Ki L. Matlock
2009-Nov-12 23:14 UTC
[R] Transforming a dataframe into a response/predictor matrix
I currently have a data frame whose rows correspond to each student and whose columns are different variables for the student, as shown below: Lastname Firstname CATALOG_NBR Email StudentID EMPLID Start 1 alastname afirstname 1213 *@uark.edu 10295236 # 12/2/2008 2 anotherlastname anotherfirstname 1213 **@uark.edu ## 10295236 9/3/2008 Xattempts Q1 Q2 Q3 Q4 Q5 Q6 Q7 Q8 Q9 Q10 Q11 Q12 Q13 Q14 Q15 Q16 Q17 Q18 Q19 1 1 1 1 0 0 0 0 0 0 0 1 0 0 1 1 0 1 1 0 1 2 1 1 1 1 1 1 0 1 0 0 1 1 0 0 1 0 0 0 0 1 Q20 Q21 Q22 Q23 Q24 Q25 Q26 Q27 Q28 Q29 Q30 Q31 Q32 Score Form CRSE_GRADE_OFF 1 0 0 0 0 0 0 0 0 0 1 0 0 0 9 E D 2 0 0 0 0 0 0 0 0 0 0 1 1 0 13 G D Each student took a pre- and post- test indicated by the date under "Start", column 7. (a date, mm/dd/yyyy, whose mm is 08 or 09 is pre-test; a date whose mm is 11 or 12 is post-test.
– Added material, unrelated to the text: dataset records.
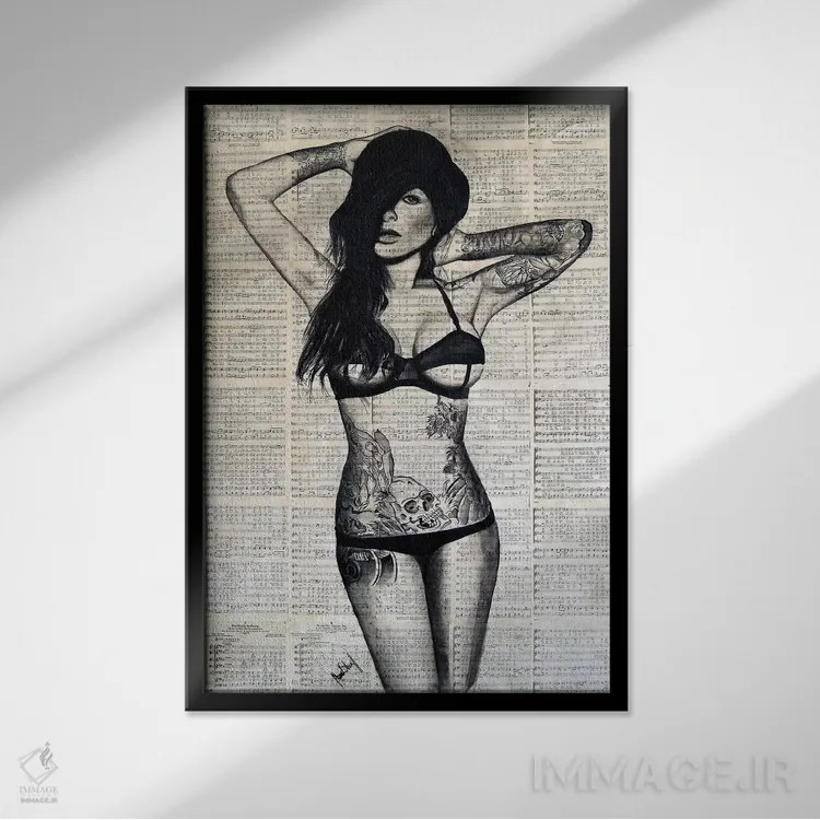 تابلو دختر خالکوبی‌شده اثر احمد شریف - نمای قاب‌دار مشکی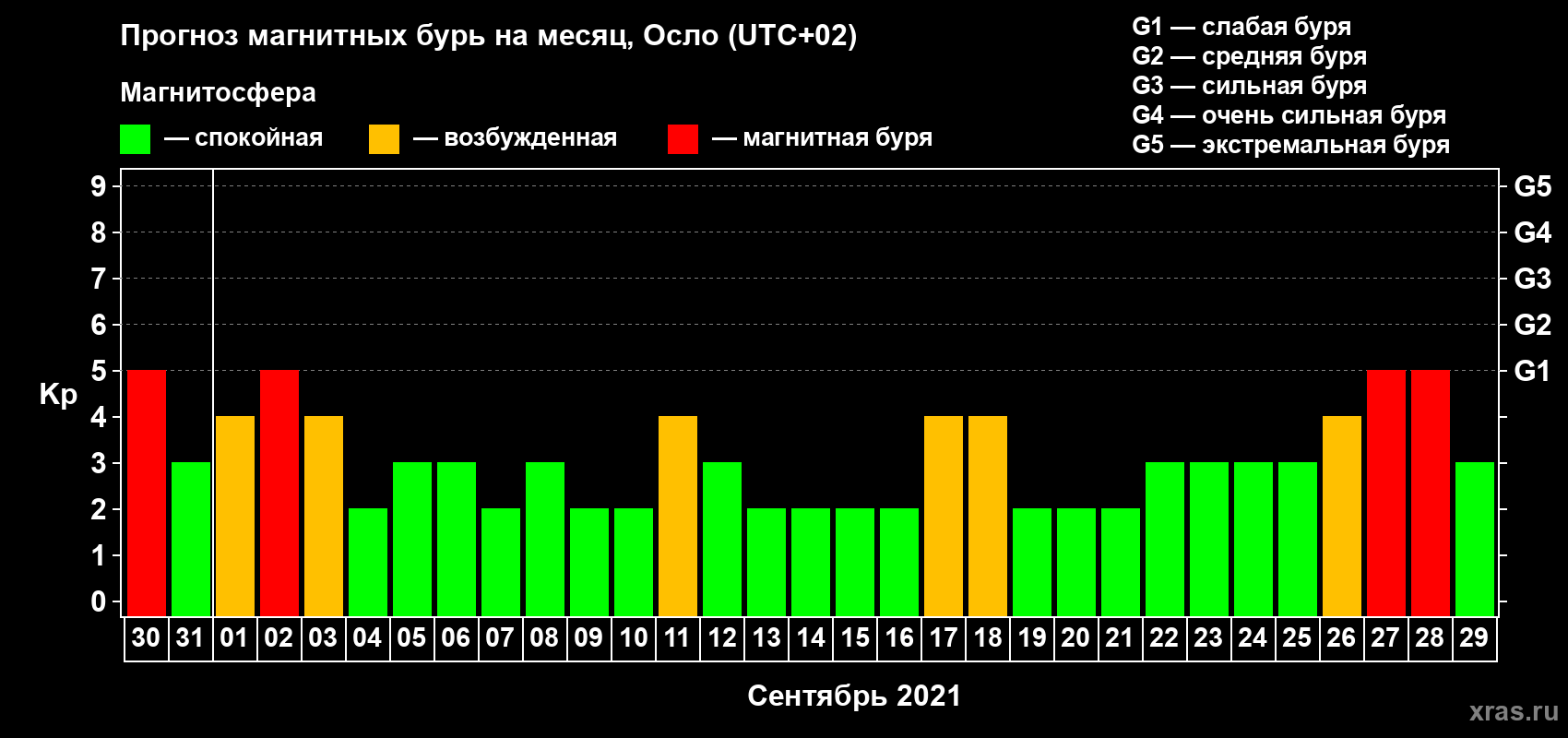 Прогноз магнитных бурь Осло на 30 августа 2021 года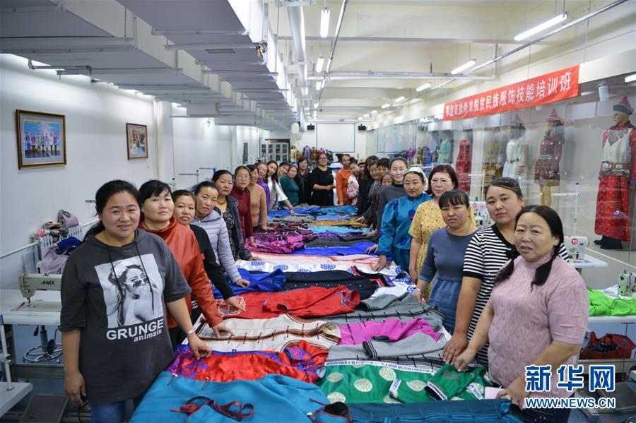 10月25日,在鄂温克旗精准脱贫民族服饰技能培训班上,哈斯格日乐(右一)和学员们合影。 新华社记者邹予摄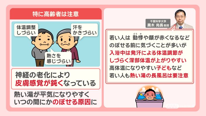 「若い人は、動悸や顔が赤くなるなど、のぼせる前に気づくことが多いが、入浴中は発汗による体温調節がしづらく、深部体温が上がりやすい。高体温になりやすい子どもなど、若い人も熱い湯の長風呂は要注意」ということです。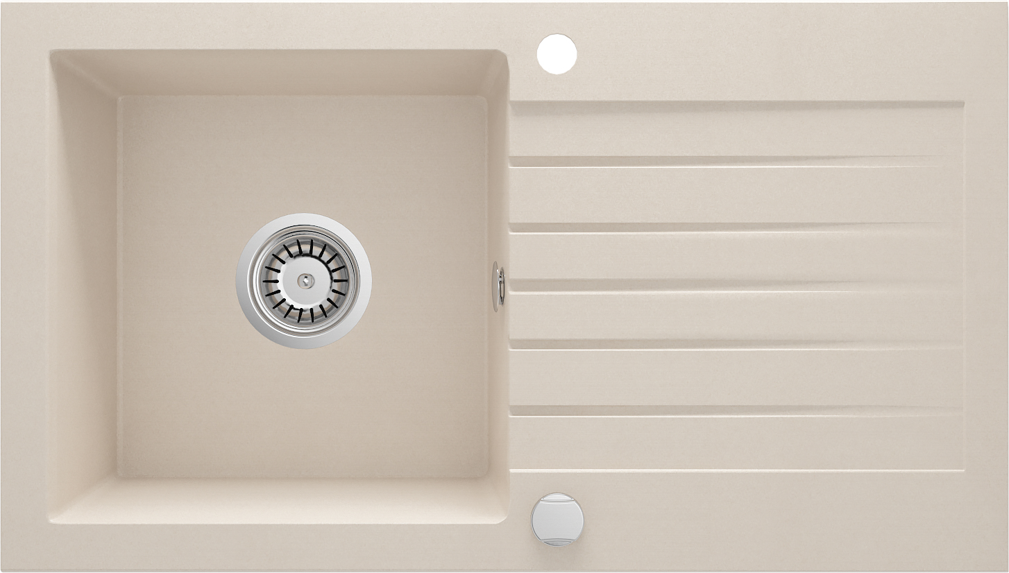 Beżowy, granitowy zlewozmywak 1-komorowy Zorba z jedną przestronną, prostopadłościenną komorą i dużym, wygodnym ociekaczem to produkt, który doskonale prezentować się będzie w klasycznych lub rustykalnych aranżacjach kuchni. Delikatny, jasny odcień akcesorium będzie efektownie kontrastować z drewnianym blatem, bądź idealnie wtopi się w przestrzeń roboczą kuchni, zaaranżowaną za pomocą jasnego kamienia lub kompozytu. Prezentowany tu zlewozmywak z ociekaczem wykonany został z granitu i charakteryzuje się wszystkimi zaletami typowymi dla tego niezwykle twardego i odpornego na użytkowanie materiału. Należy do nich odporność na przebarwienia, zarysowania, szok termiczny, temperaturę 250 stopni jak i uderzenia. Ponadto zlewy z kolekcji posiadają właściwości hydrofobowe, co oznacza, że ich powierzchnia nie tylko nie przepuszcza cząsteczek wody, ale także je odpycha, dzięki czemu są dużo łatwiejsze do utrzymania w czystości. Wszystkie te zalety, jak również współczesny, ascetyczny design, eleganckie kolory i uniwersalny charakter sprawiły, że kolekcja zlewozmywaków Zorba wyróżniona została tytułem finalisty konkursu Dobry Wzór 2014 r.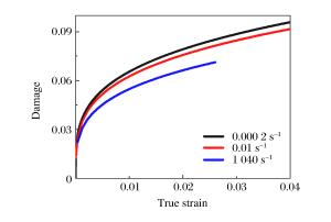 Figure  6.  Evolution law of damage varying with strain at different strain rates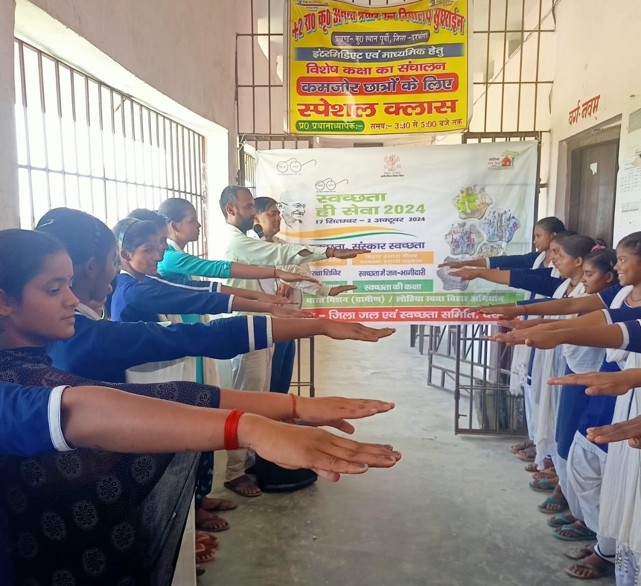 उन्होंने छात्र एवं छात्राओं से सरकार के इस महत्वाकांक्षी योजना को सफल बनाने के लिए अपने परिजनों,सगे संबंधियों तथा आसपास के लोगों को इसके लिए प्रेरित करने का अपील किया। कहा कि स्वच्छता में भगवान का निवास होता है। स्वच्छ वातावरण में रहने से शरीर स्वस्थ रहता है। मौके पर विद्यालय के प्रधानाध्यापक सहित सभी शिक्षक एवं छात्र छात्राएं उपस्थित थे।

This test was one of four forms, E, F, G, or H, listed under "Form", column 42. Each test had 32 questions, Q1 to Q32, with a binary 1 indicating the student answered correctly to this question and 0 if incorrectly. I am needing a matrix, y, with five columns labeled: response, i, j, r, s. Column 1 indicates the response (0 or 1) for i-th student, on the j-th question (1:32), on the r-th form (E,F,G,H- these could be changed to numeric 1 for E, 2 for F, etc.), on the s-th test (pre or post indicated by a binary 0 for pre, 1 for post). The data-set is very lengthy of approximately 2000 rows. An efficient way to transform this data into the desired matrix would be very helpful. Thank you.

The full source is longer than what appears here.